**THE RECORDS**
↓↓↓

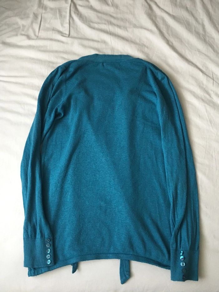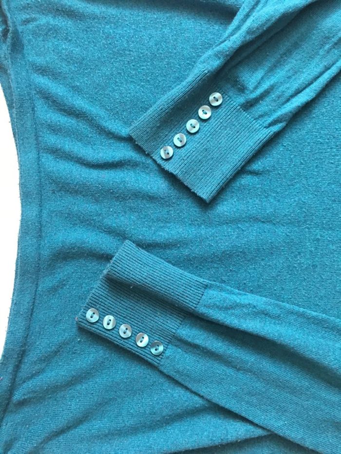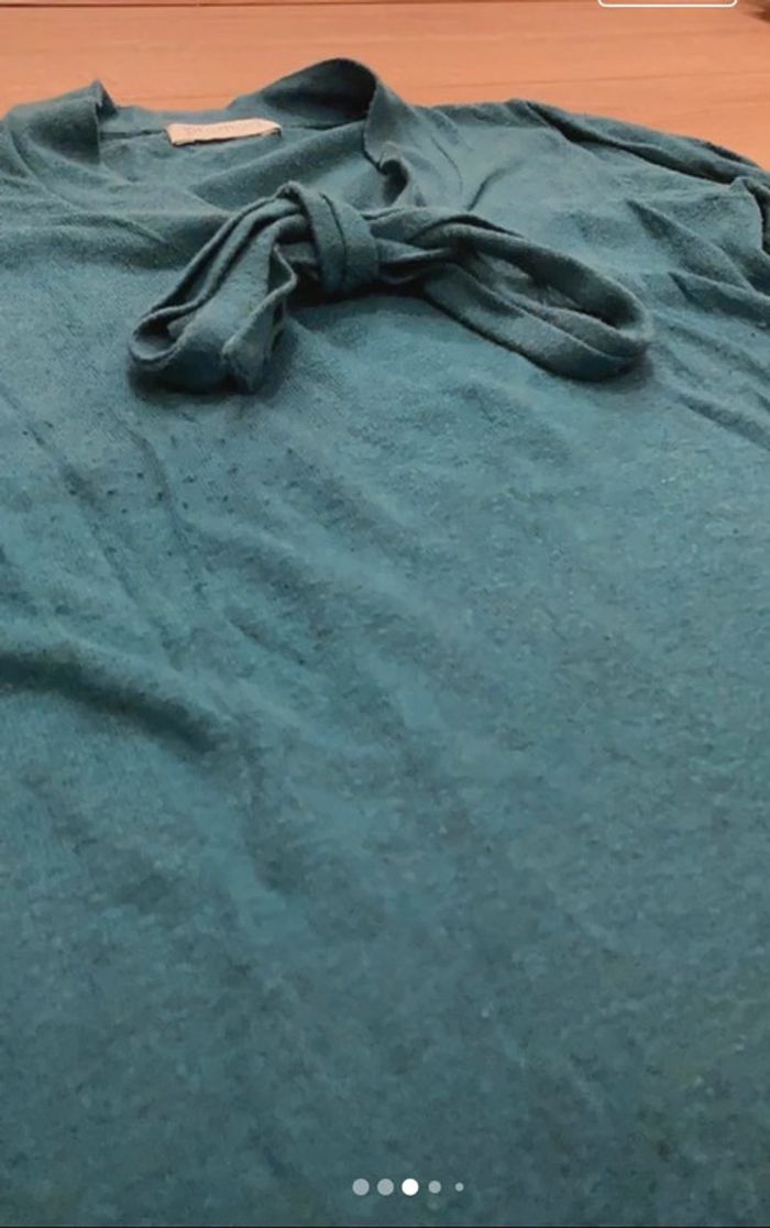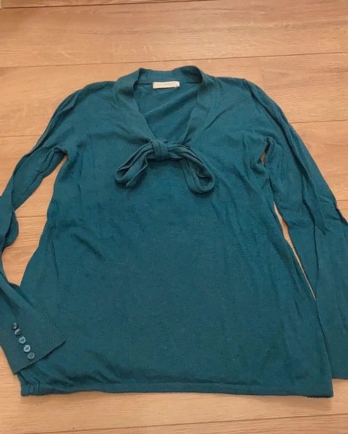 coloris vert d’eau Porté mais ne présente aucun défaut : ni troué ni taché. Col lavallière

↑↑↑
↓↓↓

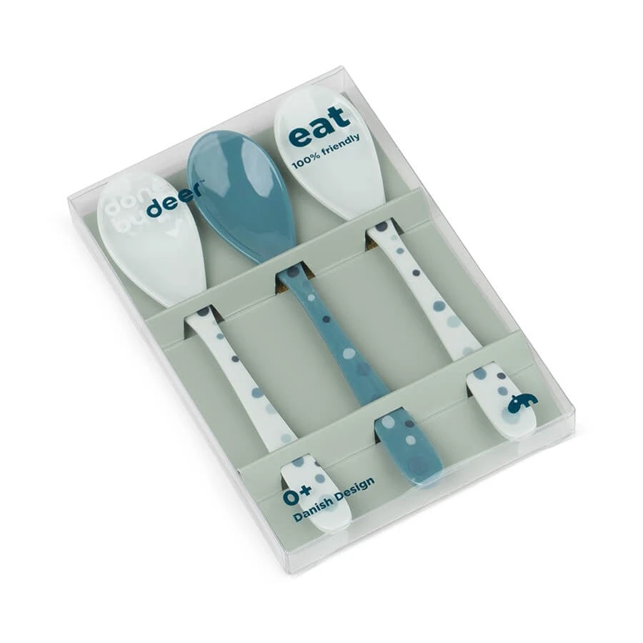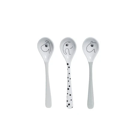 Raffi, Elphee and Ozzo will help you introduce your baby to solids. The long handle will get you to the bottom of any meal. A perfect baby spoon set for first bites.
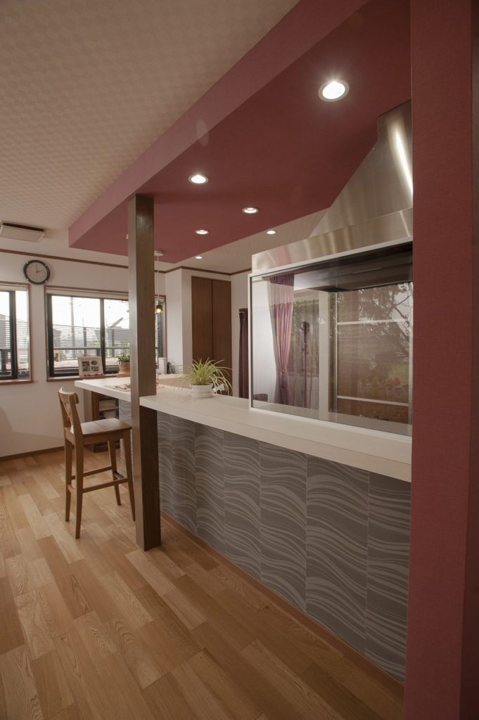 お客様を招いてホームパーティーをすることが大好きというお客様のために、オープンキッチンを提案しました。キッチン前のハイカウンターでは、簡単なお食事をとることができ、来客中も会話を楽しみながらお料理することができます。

↑↑↑
↓↓↓

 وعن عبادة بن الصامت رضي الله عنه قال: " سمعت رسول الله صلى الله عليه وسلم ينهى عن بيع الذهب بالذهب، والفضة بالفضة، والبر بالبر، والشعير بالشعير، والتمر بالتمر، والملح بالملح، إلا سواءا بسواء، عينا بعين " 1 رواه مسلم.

↑↑↑

**PROBLEM DETAILS**
The expected output is the lines above from the one containing "Raffi, Elphee and" to the one containing "お客様を招いてホームパーティ", both ends included, reproduced exactly with every picture left out.

**EXPECTED OUTPUT**
 Raffi, Elphee and Ozzo will help you introduce your baby to solids. The long handle will get you to the bottom of any meal. A perfect baby spoon set for first bites.
 お客様を招いてホームパーティーをすることが大好きというお客様のために、オープンキッチンを提案しました。キッチン前のハイカウンターでは、簡単なお食事をとることができ、来客中も会話を楽しみながらお料理することができます。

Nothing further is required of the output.